You basically are updating the str variable in the loop. Updating it and again looping on the updated array.

Answer 4

I believe the problem is caused by the fact that you are iterating over str while you are modifying it (by the line str[res_ind] = str[ip_ind] ). If you copy the result to another array, it works:

class RemoveStringDuplicates {

    public static char[] removeDups(char[] str) {
        char result[] = new char[str.length];
        boolean bin_hash[] = new boolean[256];
        int ip_ind = 0, res_ind = 0;
        char temp;

        while (ip_ind < str.length) {
            temp = str[ip_ind];
            if (bin_hash[temp] == false) {
                bin_hash[temp] = true;
                result[res_ind] = str[ip_ind];
                res_ind++;
            }
            ip_ind++;
        }

        return result;
    }

    public static void main(String[] args) {
        char str[] = "test string".toCharArray();
        System.out.println(removeDups(str));
    }
}

Answer 5

All the other answers seem to be correct. The "ing" that you see at the end of the result is actually untouched characters already in the array.

As an alternative solution (if you want to conserve memory), you can loop over the last part of the array to delete the characters at the end because you already know they are duplicate.

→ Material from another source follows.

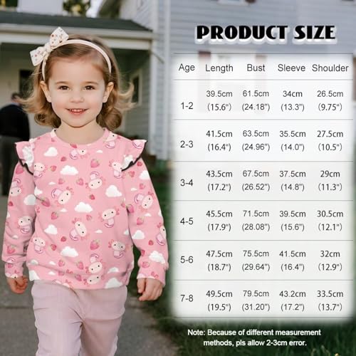 • CUTE RUFFLE SHOULDER: Kids pullover sweatshirt features a comfortable crewneck design, long sleeve, loose casual pullover tops, cute and fashion styles, elastic cuffs for easy on and off, and cute ruffles on the shoulders. The exquisite design details add a touch of playfulness, making your little one look cute and charming

//C# code, I think you just need to change str.Length here to str.length
for (int delChars = res_ind; delChars < str.Length; delChars++)
{
    str[delChars] = '\0';
}

Answer 6

You are totally abusing the Java language with your code. The data structure classes in the standard libraries are the main point of using Java . Use them.

The correct way to code something to do what you want is here:

class RemoveStringDuplicates {

    public static String removeDups(CharSequence str) {

        StringBuilder b = new StringBuilder(str);
        HashSet<Character> s = new HashSet<Character>();

        for(int idx = 0; idx < b.size(); idx++)
            if(mySet.contains(b.charAt(idx)))
                b.deleteCharAt(idx--);
            else
                s.add(ch);

        return b.toString();
    }

    public static void main(String[] args) {
        System.out.println(removeDups(str));
    }
}

There are probably even better ways of doing it, too. Don't go avoiding Java's data structures.

If you are writing code that is performance-sensitive enough that you have to use primitive code like that in your question, you should be using a different language, like C.